Allen West had stolen some cement left by plumbers working in the utility corridor and made the hole bigger before reinstalling the genuine grille out of concern that his phony grille may be found during a random check.

He believed that the new cement would be simple to remove, but it adhered to him quickly and prevented him from escaping. The others left him behind as time passed, and when it was discovered in the morning that they had vanished, he was still in his cell.

The prison was placed on lockdown, but despite a thorough air and sea search, they had vanished.

They could only have exited the roof by sliding 50 feet down a drainpipe. Then, as a guard known to patrol the road below them at the time went by, they would have had to climb over a chain-link fence coated in barbed wire and down a plant-covered cliff while hiding their faces in the undergrowth.

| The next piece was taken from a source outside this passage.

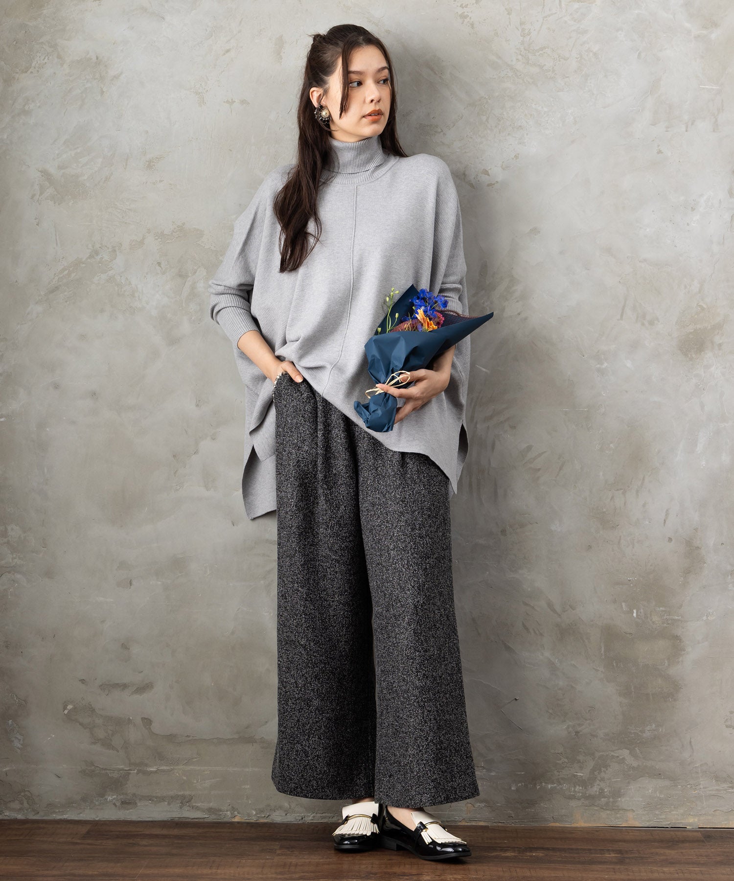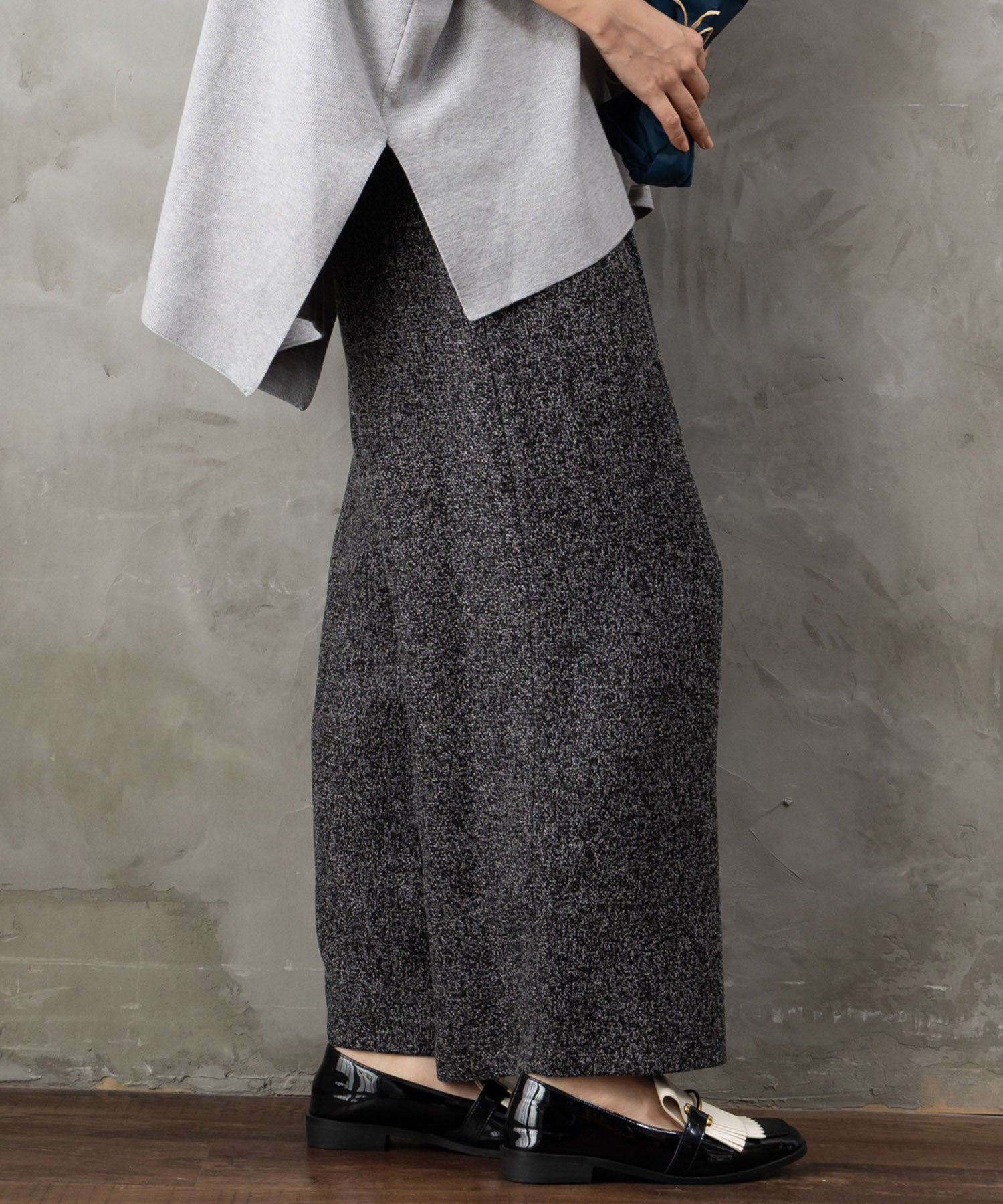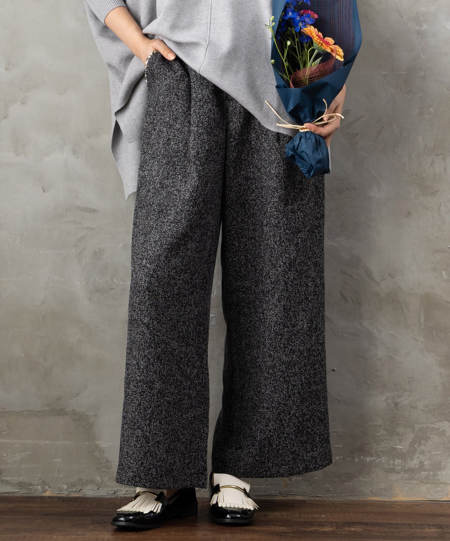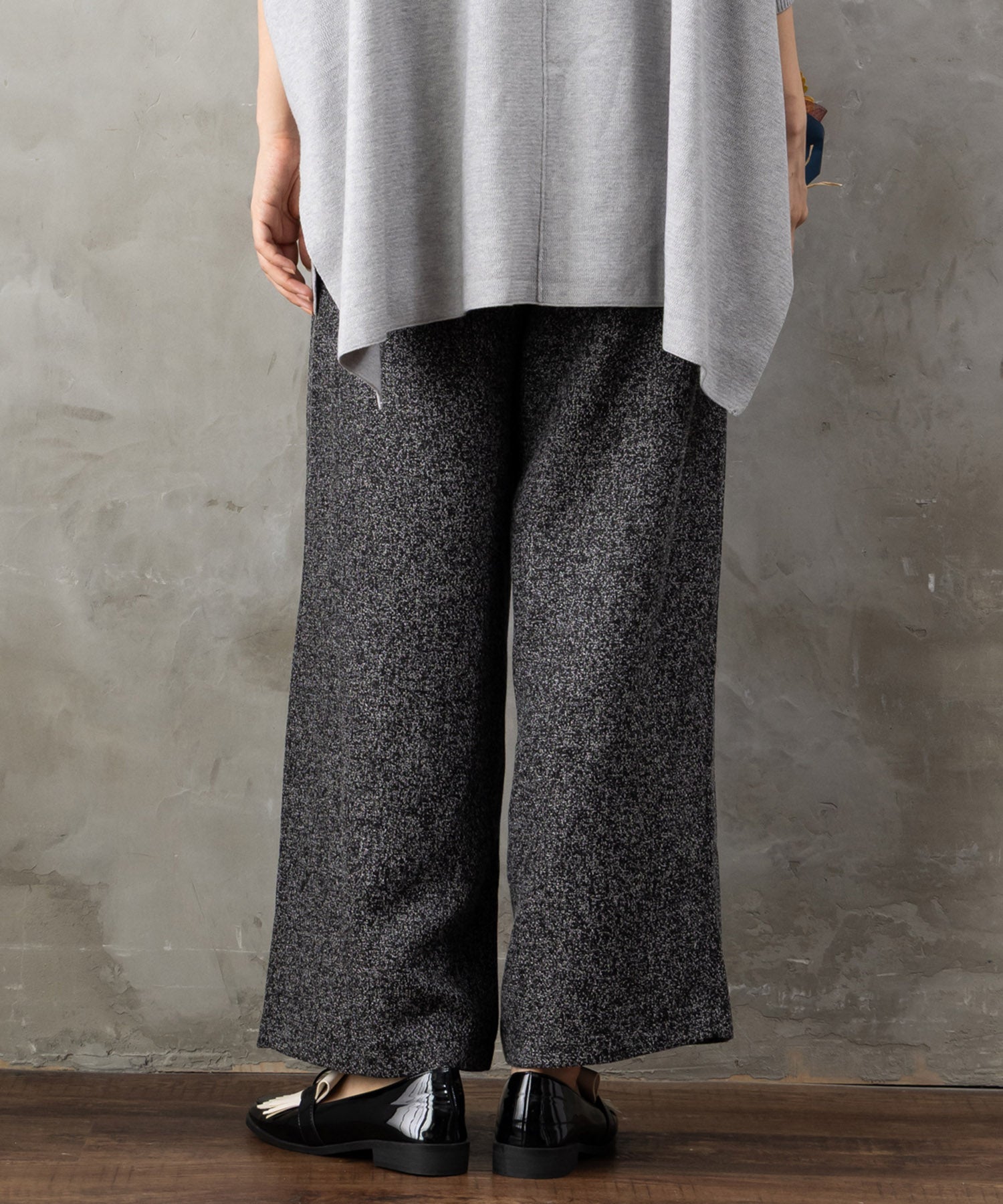 ツイード素材ならではの表情が魅力のワイドパンツ。

They are said to have made their way to a cove close to the prison’s power plant, which is a blind area for the searchlights, where they inflated their raft using bellows taken from a concertina belonging to another convict before sailing to Angel Island, which is located a mile to the north.

By the time the alarm was sounded, the guys had a good eight hours’ head start on the law enforcement, and if all had gone according to plan, they could have easily made it to Marin County, which was three and a half miles away from Alcatraz on the other side of the bay.

Allen West is the only potential escapee about whose fate we are certain.

He was spared punishment in exchange for sharing every piece of information with the FBI. He was moved to several different jails until Alcatraz was forced to close the following year due to operating expenses.

He was incarcerated for life in 1978 when he passed away for fatally stabbing another prisoner.

If he had escaped from his cell that night in time, may he have lived in freedom?

We may never know, but the mother of the Anglins claimed to have received Christmas cards from both of her sons for three years after they vanished.

And even though FBI agents hid themselves among the mourners when she passed away in 1978, it was reported that two men masquerading as ladies attended her funeral.

More recently, two of the Anglin brothers’ nephews have asserted ownership of a picture of the brothers that shows them appearing much older than when they fled. Yet there has been no success in establishing the exact date of any of this data.

They should stay under the radar until their 99th birthdays if any of the males are still alive. That’s when the warrants for their arrest officially expire.

Until then, they remain fugitives from justice but also folk heroes of a kind — not because we condone the crimes which led them to Alcatraz but because of the ingenuity with which they escaped its immediate confines, whether or not they ultimately got away.